The front page of the Western Morning News (WMN) introduces this report from the TUC by saying it echoes demands from the Great South West alliance of businesses, local MPs, councillors, and the region’s Local Enterprise Partnerships (championed by the WMN).
Owl thinks it places a quite different set of priorities on: “Build,build,build”, benefiting the community and environment, not just developers.
Report can be found here.
Philip Bowern Western Morning News 24 August
Close to 50,000 jobs could be created in the South West if the government backs a regional programme for green infrastructure, trade union bosses believe.
New analysis by the TUC, out today, show 46,453 jobs could be directly created in the next two years in the South West if the government supported fast-track investment in the so-called ‘green economy:
The commissioned research by Transition Economics forms part of a national TUC report – ‘Voice and place: how to plan fair and successful paths to net zero emissions’ – that draws on the expertise of local union reps on the challenges and opportunities available, with case studies and recommendations for regional and national policy.
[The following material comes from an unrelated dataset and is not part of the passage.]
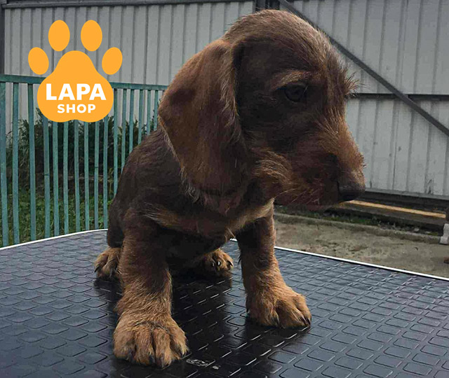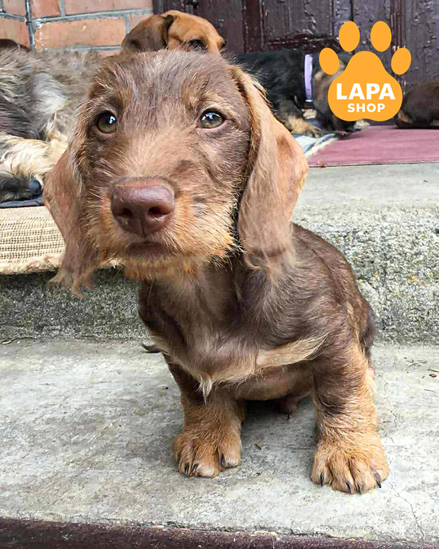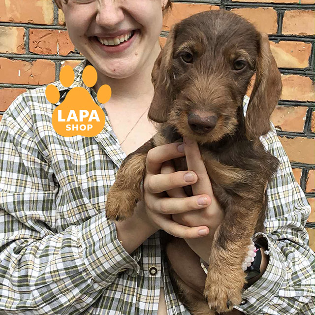 Lasso – стандартная жестошерстная такса шоколадного окраса. Его длинные ушки, умный взгляд и грациозный хвостик создают образ настоящего маленького рыцаря. Он ласков, добр и готов дарить своей семье нежность и тепло.

According to the federation of trade unions, lessons must be learnt from previous recessions in order to achieve a fair and successful transition to a net zero South West, whilst boosting jobs and avoiding mass unemployment.
Fears have been expressed by environmentalists that the Prime Minister’s pledge to “build, build, build” to overcome the recession caused by Covid-19 could undo years of work to improve air quality and combat climate change.
But the TUC highlights that thousands more jobs in supply chains could also be supported in the region as a result of an £85 billion national intervention, while still observing green credentials.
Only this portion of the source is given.